Despite these similarities, PERMANOVA analysis based on the Bray-Curtis Index indicated that there was a significant difference in the overall hindgut microbial community composition among sample types, with post-hoc tests indicating that samples from parent species were significantly different from each other, but the hybrids were not significantly different from either parent species (p < 0.05, Fig. 4, Table S6). Forty six OTUs differed in abundance between parent species and these were dominated by anaerobic fermenters, typical of gut microbiomes, including members of the Bacteroidetes genera Rikenella and Alistipes, the Proteobacteria genera Desulfovibrio, and members of Firmicutes. There were fewer OTUS that differed in abundance between hybrids and parent species; 22 OTUs were statistically different between hybrids and C. flavissima, and only 19 were statistically different hybrids and C. eibli (mvabund, p < 0.05, see Fig. 5). There were no statistical differences in hindgut microbial communities between sex, social rank or age across the parent species and hybrids (PERMANOVA, p > 0.05, Tables S7-S9). Within Centropyge flavissima (n = 17) there were also no statistical differences in overall microbial community composition of the hindguts across sex, social rank or age (PERMANOVA, p > 0.05, Tables S1012).

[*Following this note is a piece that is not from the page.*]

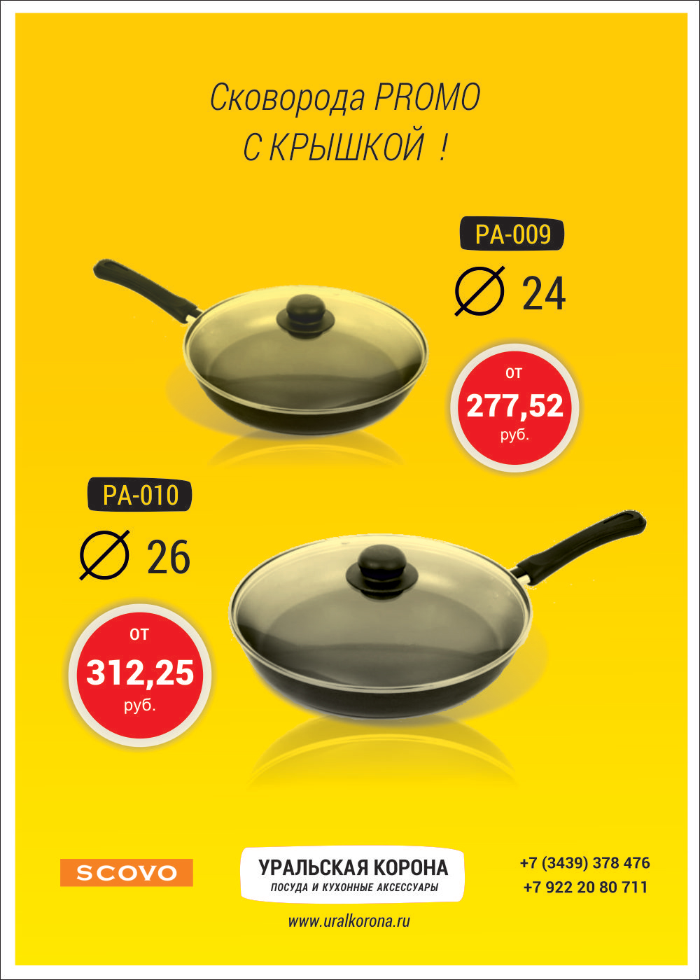В компании "Уральская корона" действует специальное предложение на сковороды с крышкой линии Promo торговой марки SCOVO. Сковорода диаметром 24 см предлагается по цене 277,52 рубля, сковорода диаметром 26 см - по цене 312,25 рублей.

Fig. 4: Non-metric multi-dimensional scaling (nMDs) plot comparing hindgut microbial community composition of pygmy angelfishes and their hybrids (n = 8).
figure 4

Two-dimensional nMDS ordination plot and 80% confidence ellipses constructed from bootstrap averages for the Bray-Curtis similarity index of square root transformed hindgut microbial community data from the two angelfish species, Centropyge flavissima and C. eibli, and their hybrids (n = 8).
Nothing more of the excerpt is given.